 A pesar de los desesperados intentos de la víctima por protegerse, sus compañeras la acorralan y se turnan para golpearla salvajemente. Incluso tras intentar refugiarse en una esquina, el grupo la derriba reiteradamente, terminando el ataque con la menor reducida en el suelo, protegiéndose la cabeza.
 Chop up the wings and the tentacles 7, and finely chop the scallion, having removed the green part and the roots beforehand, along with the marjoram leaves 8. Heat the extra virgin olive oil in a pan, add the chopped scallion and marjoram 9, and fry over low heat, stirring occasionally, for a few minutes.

...

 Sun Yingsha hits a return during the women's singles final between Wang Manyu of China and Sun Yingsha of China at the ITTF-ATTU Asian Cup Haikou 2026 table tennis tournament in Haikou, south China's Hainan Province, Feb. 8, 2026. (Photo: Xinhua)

**Exercise brief**.
Starting with the line above that holds "A pesar de los" and stopping with the line that holds "Chop up the", reproduce each line exactly, omitting all other lines.

**Output**.
 A pesar de los desesperados intentos de la víctima por protegerse, sus compañeras la acorralan y se turnan para golpearla salvajemente. Incluso tras intentar refugiarse en una esquina, el grupo la derriba reiteradamente, terminando el ataque con la menor reducida en el suelo, protegiéndose la cabeza.
 Chop up the wings and the tentacles 7, and finely chop the scallion, having removed the green part and the roots beforehand, along with the marjoram leaves 8. Heat the extra virgin olive oil in a pan, add the chopped scallion and marjoram 9, and fry over low heat, stirring occasionally, for a few minutes.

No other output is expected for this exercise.